### Task input

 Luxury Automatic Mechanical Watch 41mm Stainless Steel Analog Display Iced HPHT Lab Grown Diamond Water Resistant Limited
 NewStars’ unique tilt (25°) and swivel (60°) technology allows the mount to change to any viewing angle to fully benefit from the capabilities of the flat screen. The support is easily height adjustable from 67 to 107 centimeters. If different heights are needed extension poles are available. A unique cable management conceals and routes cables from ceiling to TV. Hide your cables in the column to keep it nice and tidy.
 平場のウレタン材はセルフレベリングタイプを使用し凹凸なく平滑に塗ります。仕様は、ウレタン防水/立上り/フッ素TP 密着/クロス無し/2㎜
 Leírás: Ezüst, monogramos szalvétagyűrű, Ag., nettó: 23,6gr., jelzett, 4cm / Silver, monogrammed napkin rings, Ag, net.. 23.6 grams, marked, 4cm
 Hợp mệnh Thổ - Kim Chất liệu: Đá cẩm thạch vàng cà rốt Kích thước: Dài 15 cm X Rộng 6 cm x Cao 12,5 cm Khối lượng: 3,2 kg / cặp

---

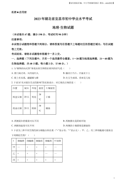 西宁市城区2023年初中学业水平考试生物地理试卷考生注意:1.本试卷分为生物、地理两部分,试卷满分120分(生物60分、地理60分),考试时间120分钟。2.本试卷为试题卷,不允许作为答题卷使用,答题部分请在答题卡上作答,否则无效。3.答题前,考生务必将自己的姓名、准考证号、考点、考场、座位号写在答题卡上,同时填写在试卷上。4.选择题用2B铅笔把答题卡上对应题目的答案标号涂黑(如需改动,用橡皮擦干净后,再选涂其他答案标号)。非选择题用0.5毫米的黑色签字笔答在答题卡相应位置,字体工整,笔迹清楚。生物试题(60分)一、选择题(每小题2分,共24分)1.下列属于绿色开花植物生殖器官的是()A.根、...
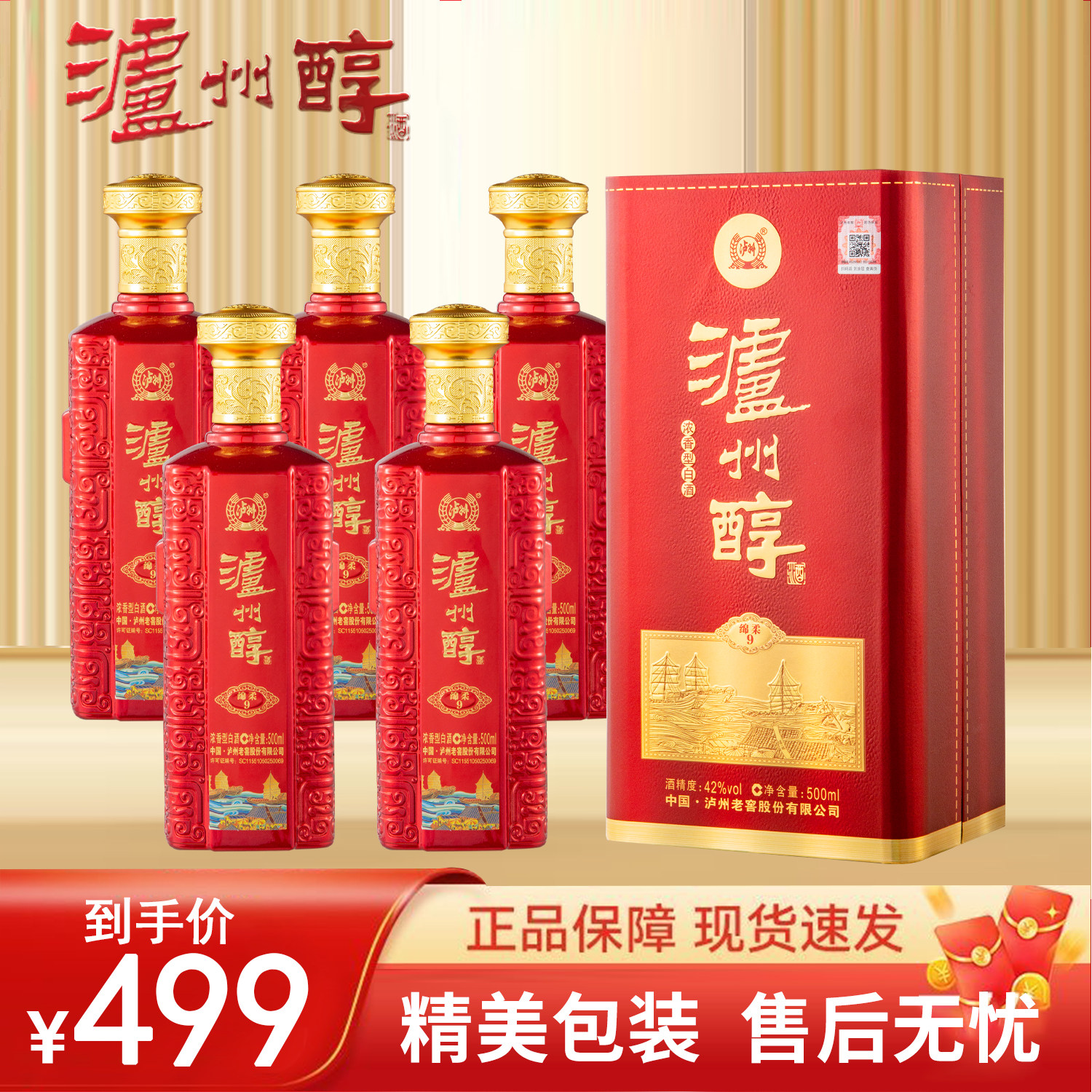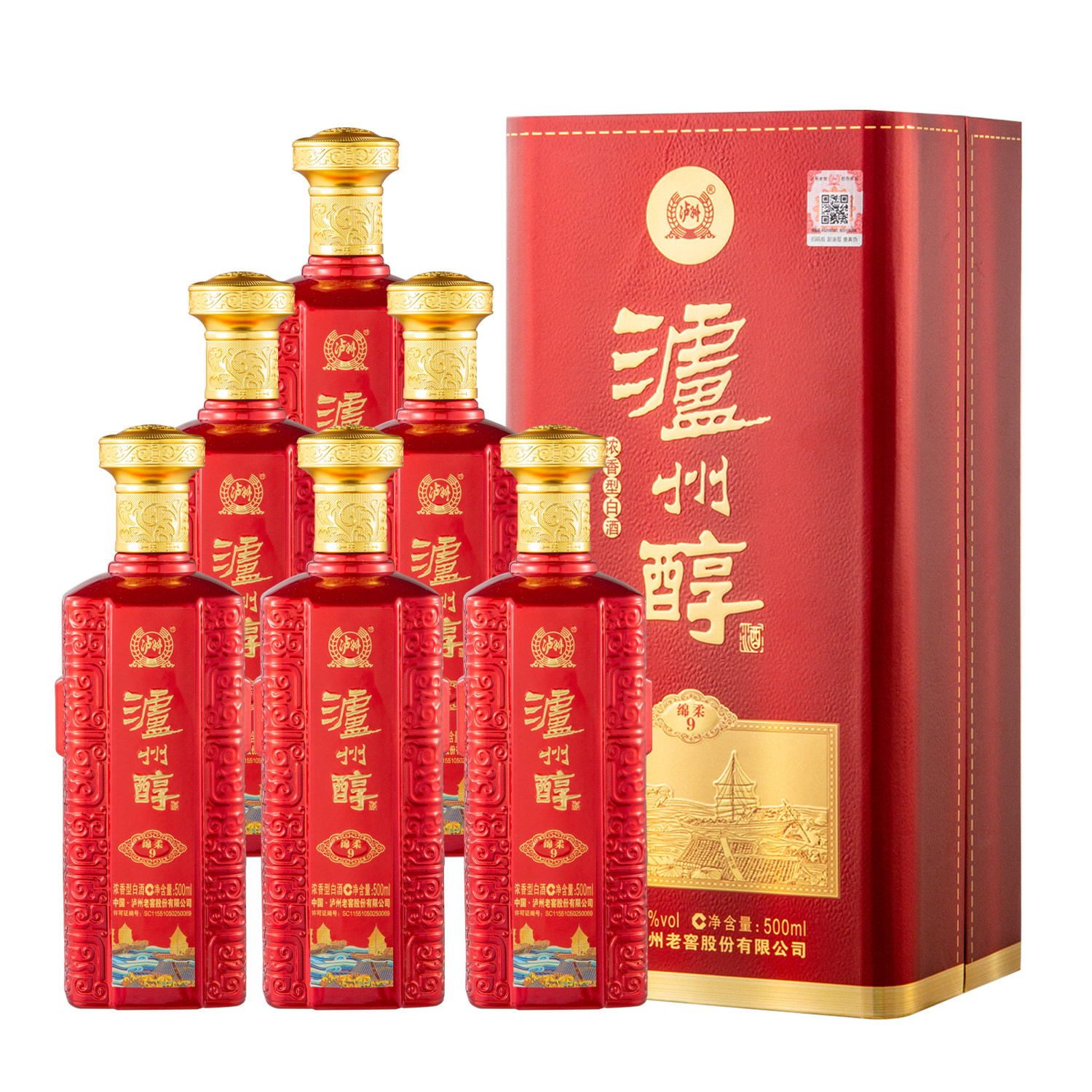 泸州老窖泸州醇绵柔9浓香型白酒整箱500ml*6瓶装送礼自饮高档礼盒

### Instructions for the task
Print an exact copy of the lines above, from the one containing "西宁市城区2023年初中学业" through the one containing "泸州老窖泸州醇绵柔9浓香型白酒整箱500ml*6瓶装送礼自饮高档礼盒", and leave out the pictures.

### Reply to the exercise
 西宁市城区2023年初中学业水平考试生物地理试卷考生注意:1.本试卷分为生物、地理两部分,试卷满分120分(生物60分、地理60分),考试时间120分钟。2.本试卷为试题卷,不允许作为答题卷使用,答题部分请在答题卡上作答,否则无效。3.答题前,考生务必将自己的姓名、准考证号、考点、考场、座位号写在答题卡上,同时填写在试卷上。4.选择题用2B铅笔把答题卡上对应题目的答案标号涂黑(如需改动,用橡皮擦干净后,再选涂其他答案标号)。非选择题用0.5毫米的黑色签字笔答在答题卡相应位置,字体工整,笔迹清楚。生物试题(60分)一、选择题(每小题2分,共24分)1.下列属于绿色开花植物生殖器官的是()A.根、...
 泸州老窖泸州醇绵柔9浓香型白酒整箱500ml*6瓶装送礼自饮高档礼盒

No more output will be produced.